Это сказал Алексей. Голос тихий и робкий. Такого Яша никогда не слыхал у старшего брата.

Отец не шевельнулся, словно не слышал.

- Вы неправы, батя, - громче и тверже повторил Алексей.

- Что? - спросил отец. - Что? Перечить отцу вздумал? Или надеешься на то, что я слаб и не в силах отходить тебя тренчиком!

- Не горячитесь, батя, - спокойнее и ровнее сказал Алексей. - Сами же сказывали, что и тогда, в восемнадцатом, не все уходили из Одессы.

- Как не все? - приподнял голову над подушкой старый матрос. - Как не все уходили?

- Ну, были такие, что оставались… По заданию партии. Ведь были?

- Ты мне про партию да про Родину толковать брось, - сурово понизил голос отец. - Для такого разговору право заслужить надо. А перед памятью тех, кого партия здесь оставляла, даже мы, моряки, потом головы преклоняли. Ты знаешь, что за люди то были?

- Знаю, батя. Вы сами нам рассказывали о них… Были они, теперь наш черед пришел.

- Уж не вас ли с Яковом тут оставить решили? Куда уж там - подпольщики! - в голосе отца дрогнула злая насмешка и вдруг оборвалась гневом: - Сами надумали! Игру затеяли! Ох, какими же дурнями вы у меня выросли!.. У тех же оружие было, ор-га-ни-зация! А у вас что? Как цыплят, передушат вас… Человек один… Человек один ничего не может!

Отец разволновался, зашелся долгим и трудным кашлем. Яша улучил момент, прошептал Алексею на ухо:

- Зачем разговор затеял? Волновать его нельзя, сказать правду - тоже.

Алексей тихонько отстранил Яшу ладонью, подождал, пока отец придет в себя.

- Вы же говорили, батя, что мы - Гордиенки: гордые, значит, сидеть сложа руки не имеем права. Так я вас понял? А организация будет.

- Будет, - устало передразнил отец. - Вы думаете, это так просто? Будет! Объявление на углу Дерибасовской вывесите о наборе в организацию, что ли?.. Сами погибнете и других погубите.

- Да не можем же мы, батя, рассказывать вам… не имеем права… - чуть не плача с досады, выговорил Алексей.

- Не можем, батя. Клятву дали, - подошел к самой постели Яша.

- Чего-о?.. Чего не можете? - испуганно и удивленно спросил Яков Кондратьевич. - Какую клятву?..

Он вдруг ослаб, притих, прикрыл глаза бледными веками и долго-долго лежал молча, о чем-то думая, вспоминая, взвешивая.

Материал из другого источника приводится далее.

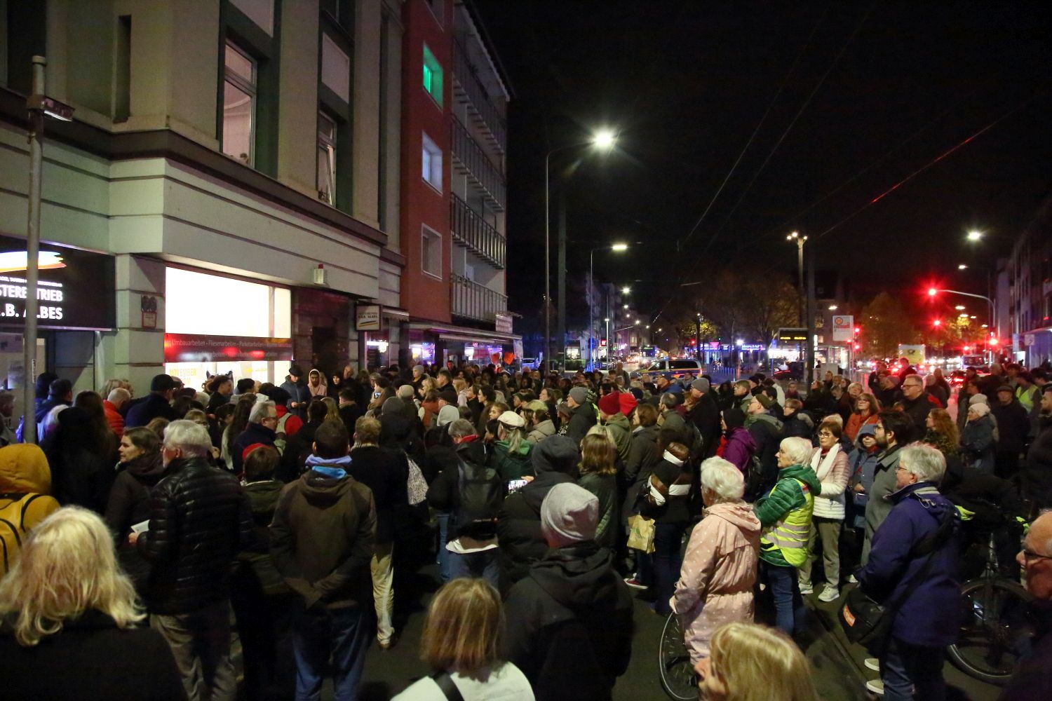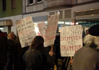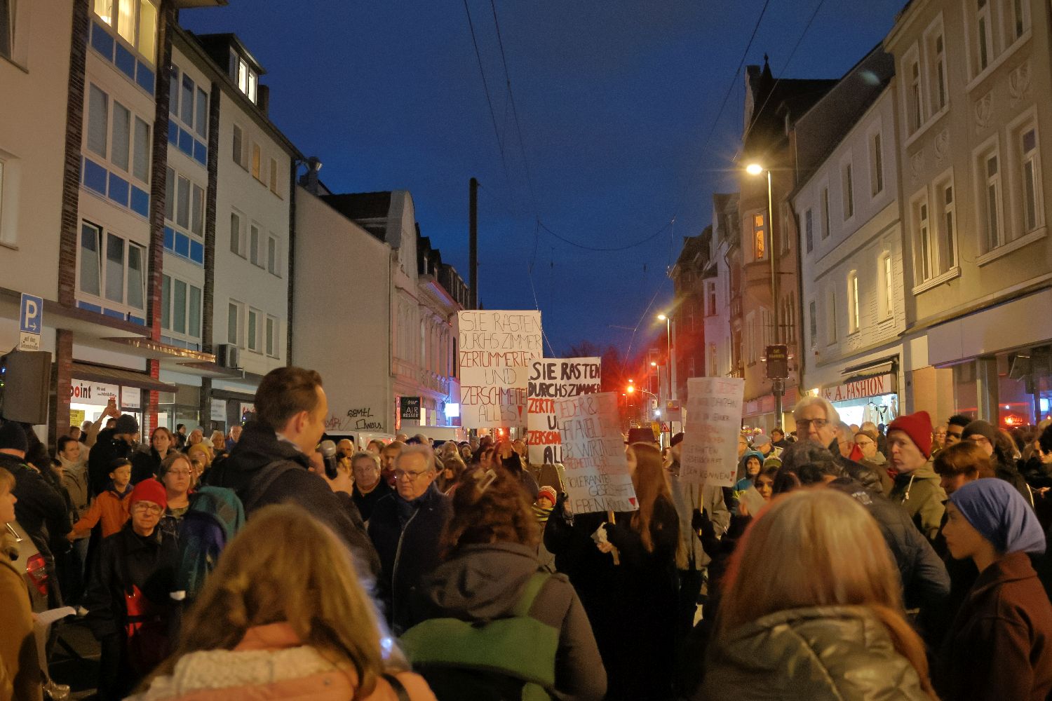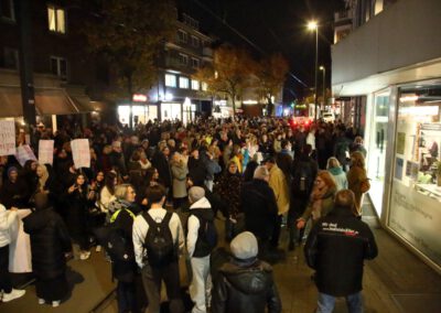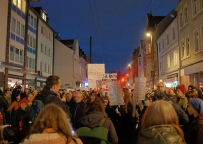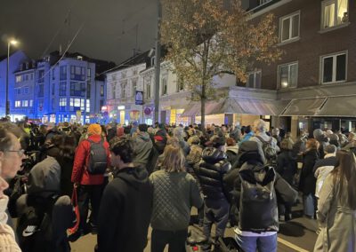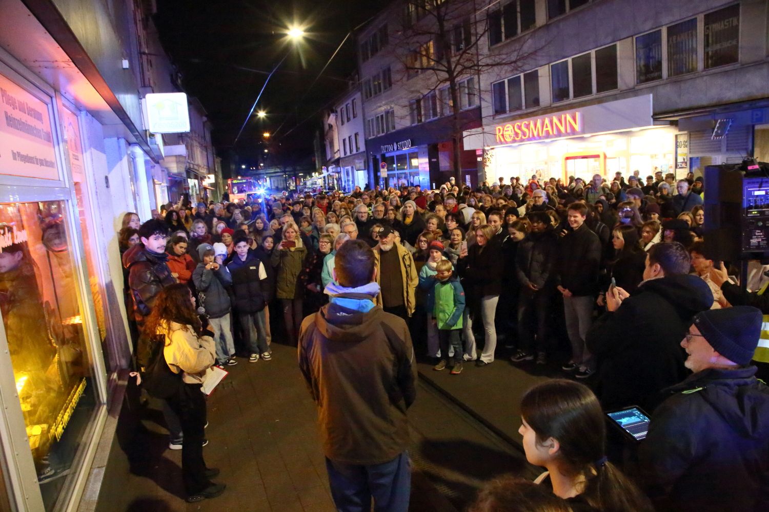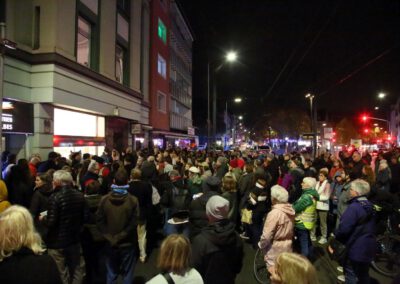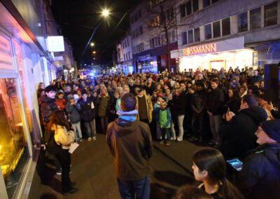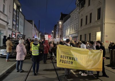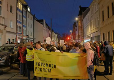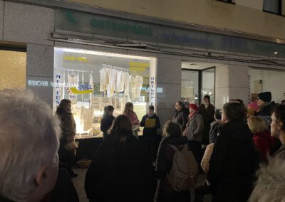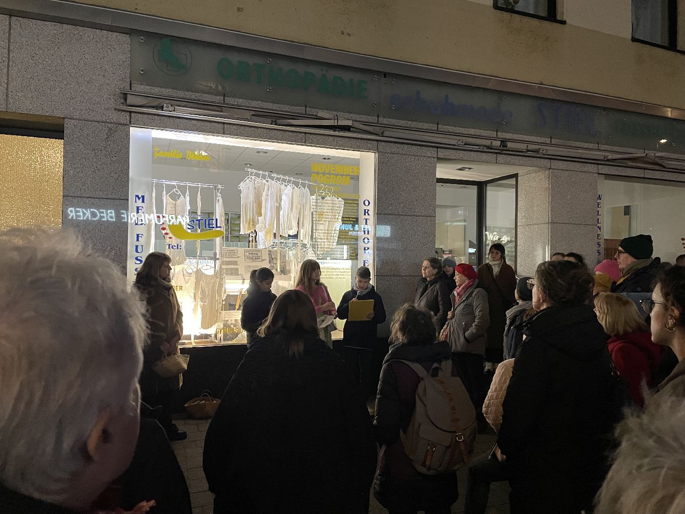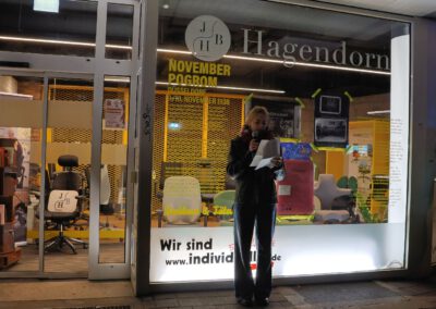 Insgesamt nahmen ca. 600 Menschen, darunter 100 Schülerinnen und Schüler der Lore-Lorentz-Schule, an der Gedenkveranstaltung teil. Dank der Unterstützung der heutigen Geschäftsinhaber/-innen werden die Produkte der Schüler/-innen in den Schaufenstern noch bis zum 23.11. zu sehen sein.

Нервная дрожь пробежала по лицу. Плотно сжатые губы вздрагивали, и от этого большие усы шевелились. Наконец, Яков Кондратьевич глубоко вздохнул, нащупал Яшину руку, сжал:

- Трудно вам будет, хлопчики… Ой, трудно. Труднее, чем нам в восемнадцатом…

- Знаем, батя.

- Знаете?.. Ничего вы не знаете, потому что в жизни все сложнее, чем вы думаете. Вообще дела в жизни не всегда идут гладко, а в подполье…

Отец умолк и долго испытующим взглядом смотрел на сыновей.

- Значит, не сами выдумали?

- Нет, батя, - тихо ответил Алексей.

- А хотя бы и сами? - загорячился Яша. - Я все равно потрох из них выпускал бы!

- Горяч ты, сынок, - холодная рука отца снова легла на Яшину ладонь. - Горяч. Подполье это… Алексей сумеет. А тебе трудно будет. Ты горяч, как лошонок, и прям, как мачта. Но мачта тоже под ветром, если б не гнулась, сломалась бы. Понял? На то она и гнется, чтобы не сломаться.

- Надо будет, согнусь, - ответил Яша. И тут же добавил: - Согнусь, чтобы снова выпрямиться.

- Это - новое у тебя, - удивился отец. - Кто-то, видать, уже школил.

- Есть такой… - потупился Яша. Перед глазами у него встал Бадаев. Странно, они с отцом даже незнакомы, а и тот и другой подметили в нем неумение притворяться, тот и другой сказали о мачте, пружинящей под ударами ветра. Значит, правда. Ну, ничего! Если надо - в нитку вытянусь… Другие умели, и я должен суметь…

Отец пошарил рукой под матрацем, достал маленький затейливый ключик, протянул Алексею:

- На, отомкни мой сундучок. Есть там связка бумаг всяких. Подай.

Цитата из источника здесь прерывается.